Impact on Cloud Properties of Reduced-Sulphur Shipping Fuel in the Eastern North Atlantic

Abstract. The global reduction in shipping fuel sulphur that culminated in 2020 with an ~80 % reduction has enabled an inadvertent experiment on the role of aerosol-cloud interaction (ACI) in the climate system. We compare observations collected at the Atmospheric Radiation Measurement program's (ARM) Eastern North Atlantic site (ARM-ENA, 39.1 N, 28.0 W) during two June to September periods: 2016–2018 (pre-2020) and 2021–2023 (post-2020). We find a significant (~15 %) decrease in cloud condensation nuclei concentrations post-2020, which resulted in a decrease in cloud droplet number (N_d) and an increase in effective radius (r_e) of marine boundary layer clouds.
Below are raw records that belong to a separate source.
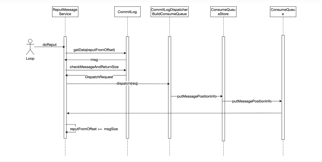 ReputMessageService 作为异步任务,会不停的读取 CommitLog,当有新的消息写入,它会立即读取到该消息,然后根据消息体构建一个 DispatchRequest 对象,CommitLogDispatcherBuildConsumeQueue 处理 DispatchRequest 对象,最终将 CqUnit 写入到 ConsumeQueue 的存储中。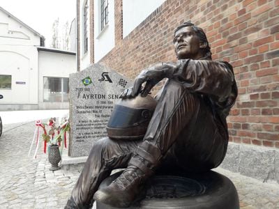 La estatua de bronce a tamaño natural representa al campeón de Fórmula 1 Ayrton Senna sentado sobre un neumático de coche de carreras.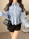 マルチストライプ柄生地で仕立てた爽やかな印象の上品なブラウス。身頃部分にシャーリングを施すことで、ボディにフィットした女性らしいシルエットをメイク。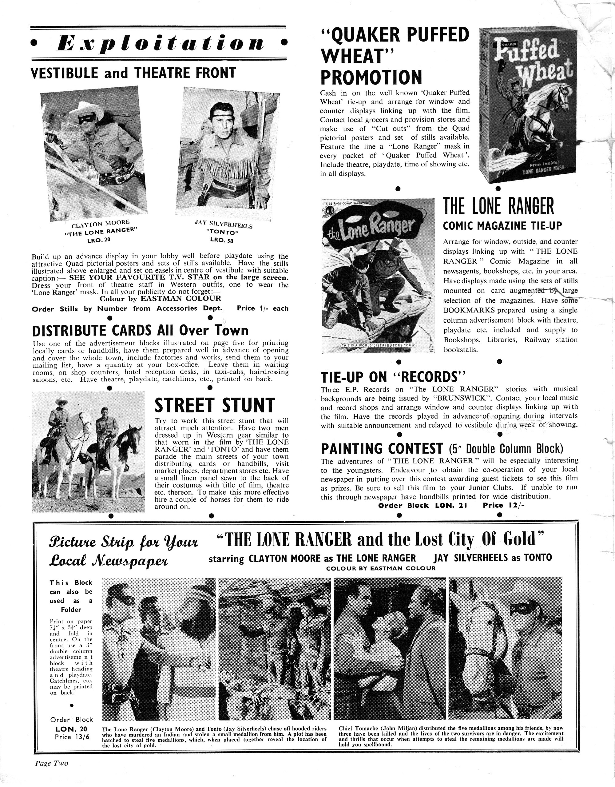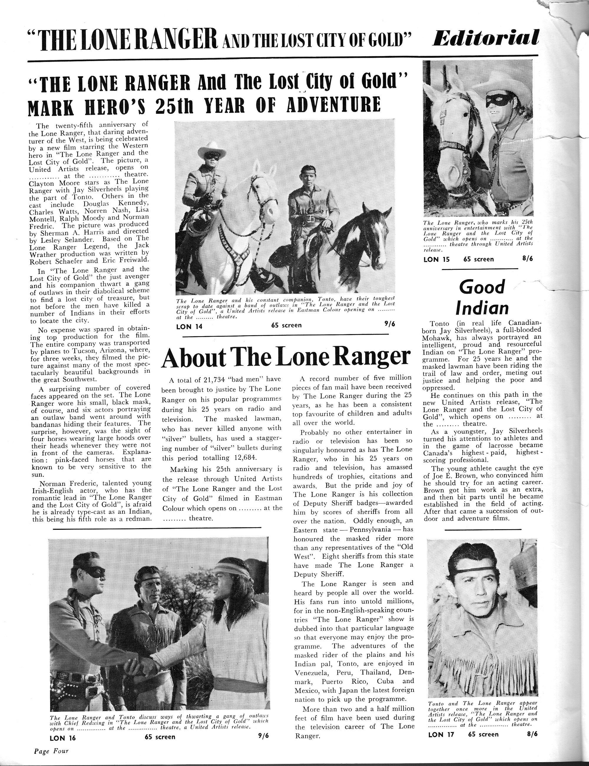 Here's the British pressbook for the Lost City of Gold (1958) with the Lone Ranger. Mind you, this is the real deal, not the buffoonish misfire starring Johnny Depp and Armie Hammer. Here's the comic book reader version for you hombres and hombrettes: Download Lone Ranger British Pressbook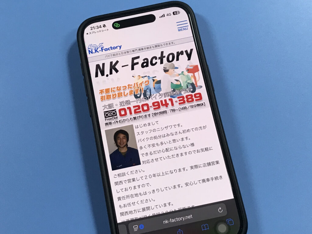 エヌケーファクトリーは大阪府東大阪市に本社を置くバイク処分と廃車手続きの専門業者であり、20年以上の実績を誇ります。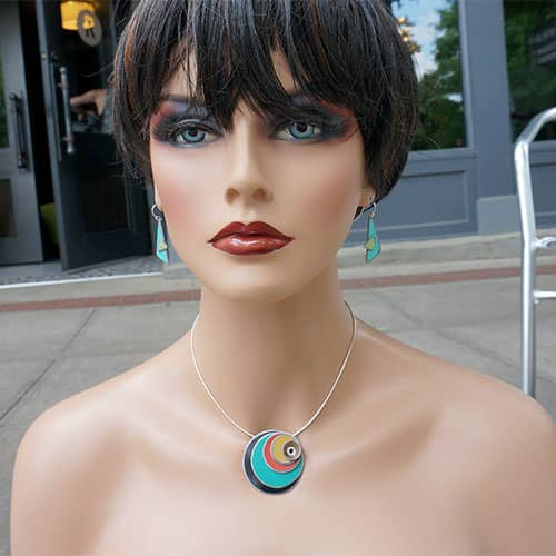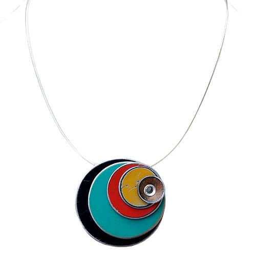 Design is 1.5" diameter on a 16" sterling silver neck wire/chain. Not adjustable.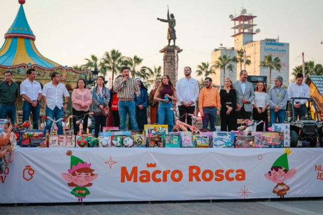 Uno de los momentos más representativos fue el corte de la “Macro Rosca”, una pieza de 450 metros de longitud que recorrió la Macroplaza y que fue acompañada de chocolate caliente para los asistentes. Además, el festejo incluyó música a cargo de la Banda de Música del Estado y un espectáculo infantil de Los Payasónicos, que mantuvo entretenidos a los más pequeños.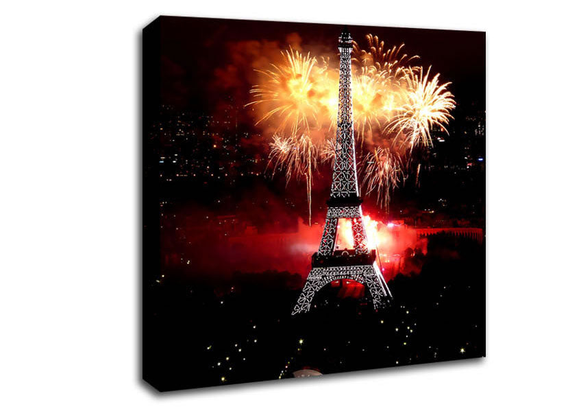 Fireworks Eiffel Tower Square Canvas Print handmade in the UK. Stretched over a 2 inch thick wooden box frame, ready to hang on your wall.
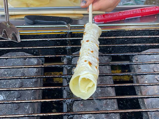 烤乳扇可以说还是比较香的 味道都快被我尝完了 有推车这种基本小的5元左右还大,古城里面7元还很小 味道一般
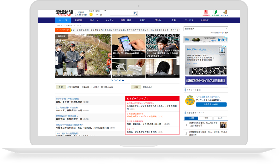 また、インターネットの普及・利用拡大に合わせ、ニュースサイト「愛媛新聞ONLINE」の開設、有料電子版の創刊のほか、「愛媛の経済サイトE4」サービスを始めるなど、デジタルでの情報発信・流通による県民の利便性向上にも注力しています。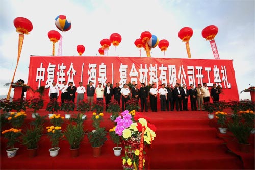甘肅省委副書記、省長徐守盛,甘肅省委常委、常務副省長馮健身,中國建材集團董事局主席宋志平,酒泉市委書記、市人大常委會主任李建華,酒泉市人民政府市長陳春明,中國復合材料集團公司董事長、總經(jīng)理張定金,中國建材報社社長、總編輯陳才來,中國建材雜志社長秦春雨、中國建材股份公司副總工解小平等出席儀式。中國復合材料集團公司副總經(jīng)理、連云港中復連眾集團公司董事長任桂芳主持儀式。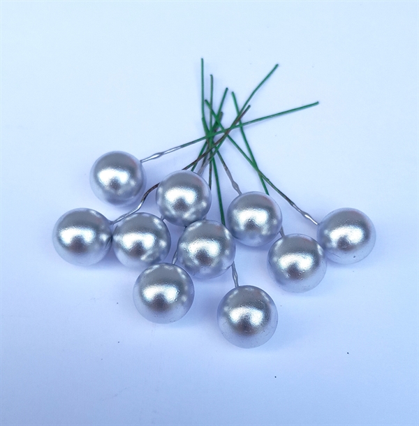 10 stk. dekorations bær på tråd. Sølvfarvede. Ø ca. 1 cm.

However, cloud liquid water path (LWP) increased post-2020. The increase in LWP offset the increase in r_e, resulting in insignificant changes to the optical depth distribution. MODIS and CERES data in the vicinity of ENA during these periods produce similar results also with negligible change in the albedo and optical depth distributions. Regional cloud occurrence declined in line with changes in the large-scale meteorology. Our results point to a complicated interplay among the factors that modulate cloud feedback in the Eastern North Atlantic.